BUCCANEERS @ STEELERS:
The Tampa Bay offense has been about as effective as the Bay of Pigs invasion. While Cadillac Williams is more like the Delorean of the NFL. Looked good for awhile than just kinda faded away. The Steelers title defense has been about as strong as Reagan's economic policy. Steelers win it 21-17.

SEAHAWKS @ BRONCOS:
The Broncos defense is quicker than a Kenyan running from the bulls in Pamplona. While the Seahawks are hoping their offense can click, faster than a gaggle of giggling, boy-crazy, high school cheerleaders. This game could be as epic as the Odyssey, my friends. Broncs buck the 'Hawks in a retro NFC West rivalry 23-17.

PANTHERS @ EAGLES:
Steve Smith is like Mikhail Baryshnikov, dancing around defenders after the catch. Not to mention he has the hands of Fred Biletnikoff. Across the way Andy Reid will be looking to devise a defensive scheme so complex, not even Stephen Hawking could grasp it. Panthers win it 27-23.

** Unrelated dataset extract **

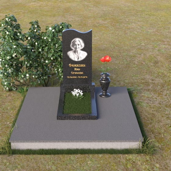 Величественная стела ПВ 029 воплощает в себе гармонию простоты и изысканности. Ее силуэт, словно застывшая мелодия, устремлен ввысь, к небесам. Верхняя часть памятника имеет мягкий, волнообразный изгиб, напоминающий о плавности жизненного пути. Грани стелы тщательно обработаны, создавая игру света и тени, подчеркивая глубину и фактуру камня. Полированная поверхность черного гранита отражает окружающий мир, словно зеркало, напоминая о бренности бытия и вечности памяти. Нижняя часть стелы, переходящая в горизонтальную плиту, образует единое целое, символизируя прочную основу и нерушимость воспоминаний.

Thanks, you've been a wonderful audience, don't forget to get that special someone Murder at 1600 on DVD for Christmas!

Tuesday, November 21, 2006

WEEK 12: THANKS FOR KITNA (AND WALDORF)

Well another week down in the NFL, and I am as confused as ever. Well here are your updated standings with last week's results in parentheses:

MMQB: 74-86 (8-8)

Bitterness: 72-88 (6-10)
The Guy: 72-88 (8-8)


Yes that's right folks after being in the lead from the get go I have finally relinquished the lead, which means it is time for a change. For the first time ever here at "Bitterness" we will have a guest blogger. Now I will still make my picks and my guest blogger has graciously agreed to work them in to his break down of the games. Now our first ever guest blogger is a man who some may say, has lost it. Once brilliant is now just a hack. Well we here at "Bitterness" are willing to allow him a forum to show that he is still as brilliant as ever. So I give you the first ever "Bitterness" guest blogger, drum roll please....drrrrrrrrrrrrrrrrrrr.....Boomer himself, Chris Berman. Take it away Swami!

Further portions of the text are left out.